Entertainment Weekly has an interview with Emily Ratajkowski about her new book of essaysMy Body (Metropolitan: Macmillan), and her search for wholeness. Ratajkowski also talks with People about her parents and self image. The author discusses her "ever-evolving feminism, her advice to young models, and her commitment to telling her own story," at Esquire. The book is also featured on Bustle's Book Club. Plus, she tells USA Todaythat "being a sex symbol is 'empowering' and 'complicated'."

Shondaland talks with Kim-Joy about her new book, Celebrate with Kim-Joy: Cute Cakes and Bakes to Make Every Occasion Joyful (Quadrille), and what she learned from The Great British Baking Show. 

ElectricLit speaks with Jung Yun about her new novel, O Beautiful (St.
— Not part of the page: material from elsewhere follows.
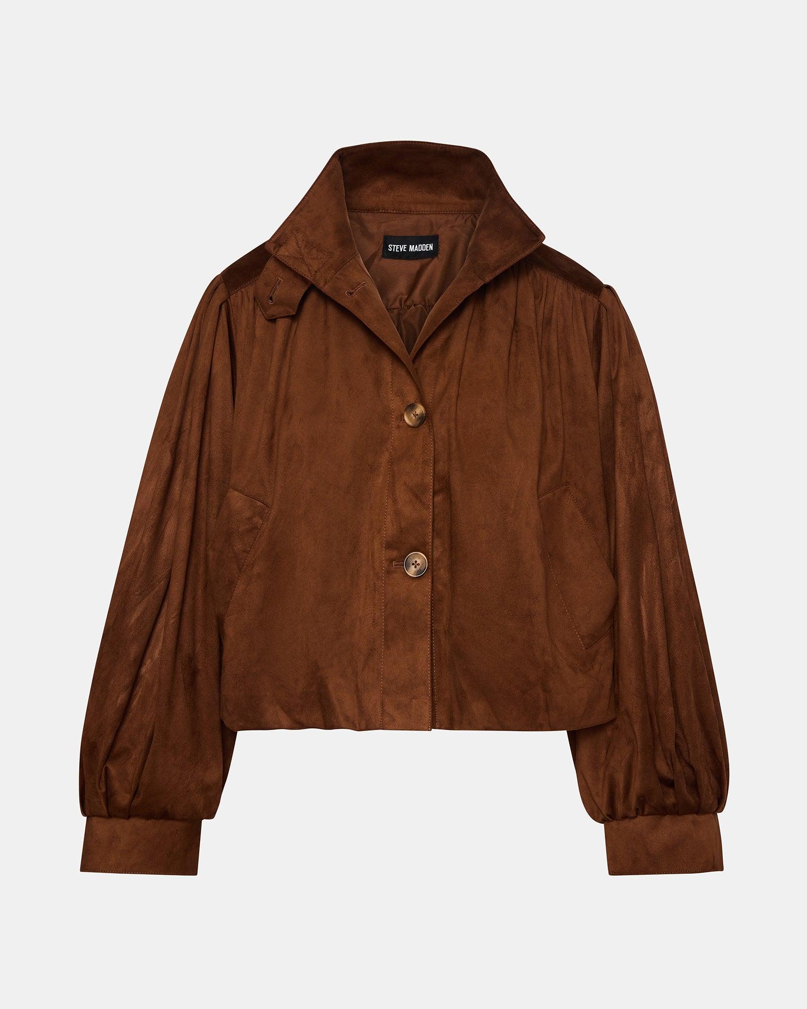 The DIERDRA long-sleeved, collared button-up jacket combines classic tailoring with practical design. Featuring two functional front pockets, it offers convenient storage while maintaining a polished silhouette. Ideal for layering, this jacket delivers both style and utility for a refined, versatile wardrobe staple. Long-sleeved faux suede jacket Button-up closure Collared neckline Two functional front pockets 90% polyester 10% spandex Wipe clean Shop the set here Amber is 5ft 9.5in and is wearing a size small Kate is 5ft 9in and is wearing a size large Imported

Martin’s; LJ starred review),“corporate colonialism and the perils of being a woman in a hypermasculine environment.”

BOMB talks with Kyle Lucia Wu about her book, Win Me Something (Tin House: Norton), and “experiences that are pushed to the margins.”
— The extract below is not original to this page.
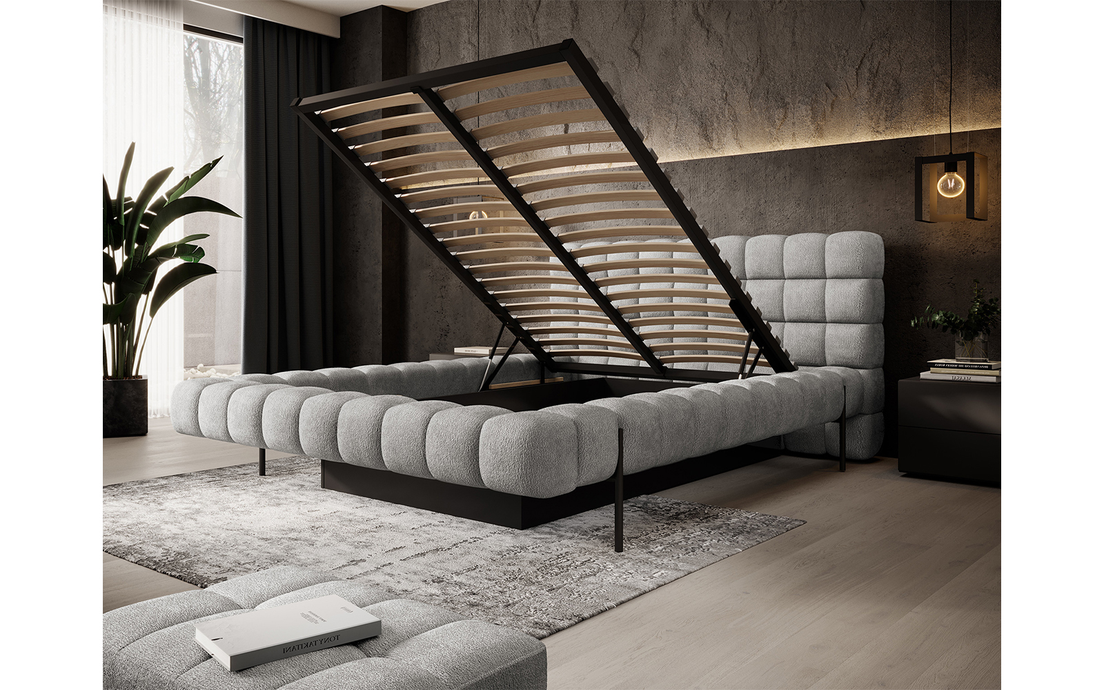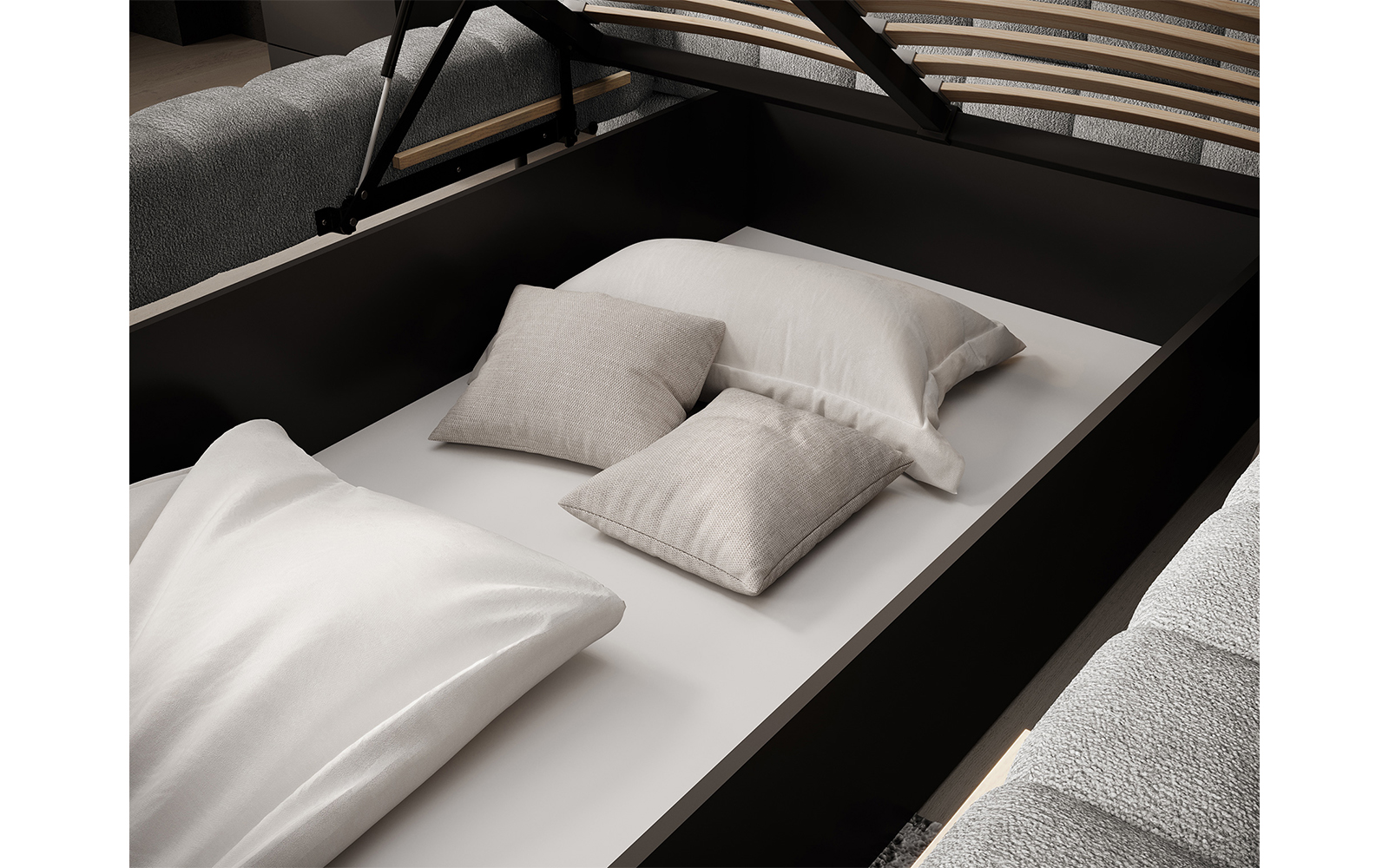 Un alt avantaj major al patului Magentta este lada de depozitare spațioasă, integrată inteligent sub cadru. Aceasta se accesează cu ușurință datorită mecanismului pe gaz, care face ridicarea somierei simplă și lină. Lada devine astfel un spațiu suplimentar extrem de practic pentru păstrarea lenjeriilor, pernelor, plăpumilor sau chiar a obiectelor voluminoase, fiind o soluție discretă și eficientă pentru organizarea dormitorului.
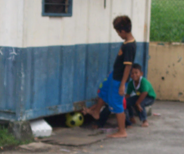 Dengan hanya berkaki ayam (bare footed), sekumpulan kanak-kanak menjadikan kawasan pintu masuk ke pasar Payang sebagai padang terbuka. Bola yang digunakan memang selamat walaupun ditendang dengan kencang ke arah sesiapa. Sebab itulah orang dewasa tidak kisah  atau berasa tidak selesa.

The LA Review of Books has an interview with Amitav Ghosh about his book, The Nutmeg's Curse: Parables for a Planet in Crisis (Univ. of Chicago Pr.), and writing about empire and the climate crisis.

T&C talks with Julia Quinn about the just-published The Wit and Wisdom of Bridgerton: Lady Whistledown’s Official Guide (Avon), and other new projects.
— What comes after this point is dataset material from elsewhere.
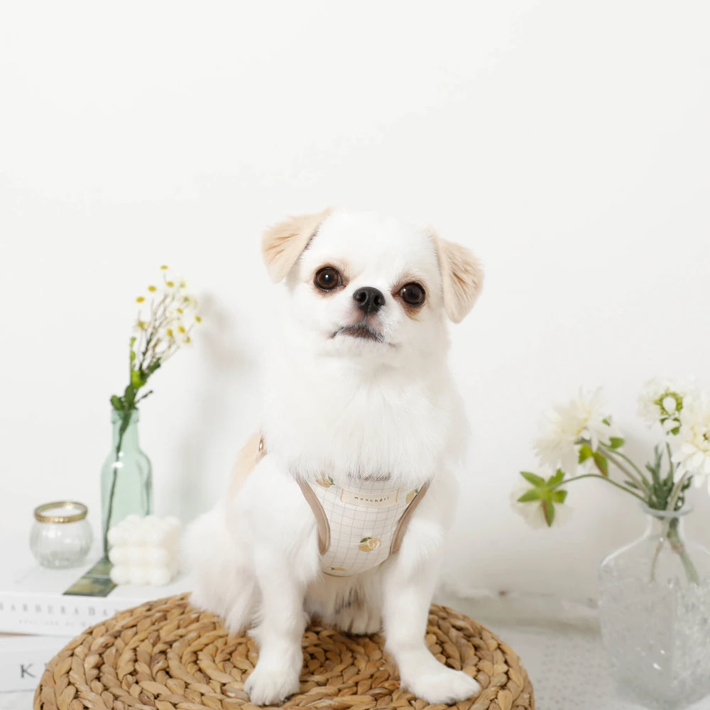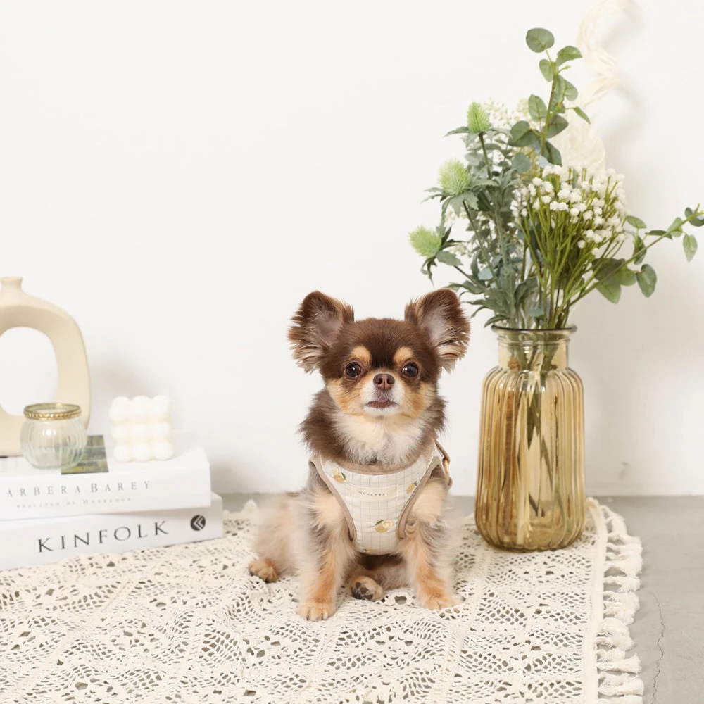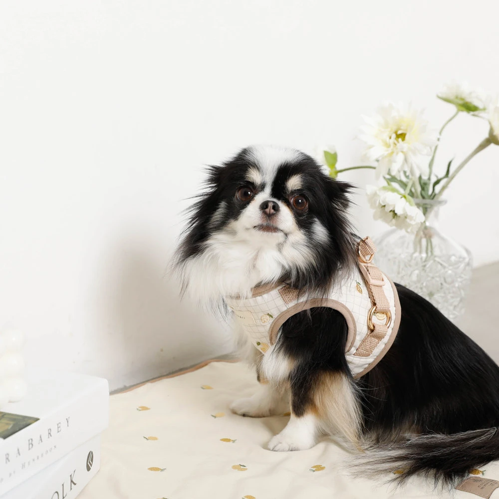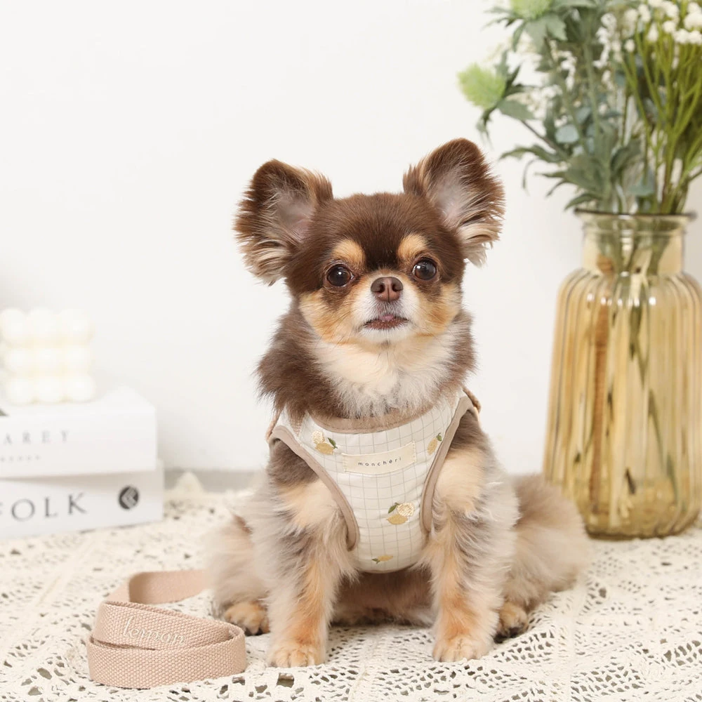 レモン柄刺繍ハーネス+リードSET:愛犬のための特別な贈り物
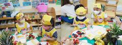 하얀 바나나도 잘라서 샌드위치 속에 쏙!!! 서로 서로 응원하면서 요리하는 모습이 너무 멋져요. 다음은 어떤 색을 찾아 볼까요?

NYT shares an interview with Thandiwe Newton, who has voiced a new Audible recording of Tolstoy’s War and Peace.

Entertainment Weekly shares details from Will Smith’s book, Will (Penguin Random House), including when Smith says Fresh Prince ‘jumped the shark.’ FoxNews also shares coverage on Smith’s new book. Plus, USA Today provides 5 takeaways from tje book.

People shares an exclusive first-look at Jamie Lynn Spears’ forthcoming memoir, Things I Should Have Said: Family, Fame, and Figuring it Out (Worthy Books), due out in January.

Louise Erdrich, The Sentence  (Harper), takes Elle's shelf life literary survey.

NYT has a feature on John E. Sarno’s 1991 release, Healing Back Pain: The Mind-Body Connection (Grand Central Life & Style: Hachette), and how pain and the brain are interconnected.

NYT features 4 newly published books.

LitHub has 19 books to get to know this week.

ElectricLit suggests 7 novels that grapple with illness.

The Seattle Times recommends six “audiobooks with symphonic storytelling.”

The Guardian shares the top 10 epics in fiction.

BookRiot offers reading pathways for fans of romance novelist Jackie Lau, and suggests terrible ideas for how to read less. Plus, side-quests to gamify your reading.

Authors On Air

Will Smith talks with Good Morning America about his newly published memoir, Will (Penguin Random House), his childhood trauma and unconventional marriage. 

NPR’s Book of the Day features Grady Hendrix’s The Final Girl Support Group (Berkley; LJ starred review). 

Dr. Michael Eric Dyson, Entertaining Race: Performing Blackness in America (St. Martin’s: Macmillan) will visit The Real tomorrow. Emily Ratajkowski, My Body (Metropolitan: Macmillan), will be on Watch What Happens Live, and Will Smith, Will (Penguin Random House), visits The Daily Show.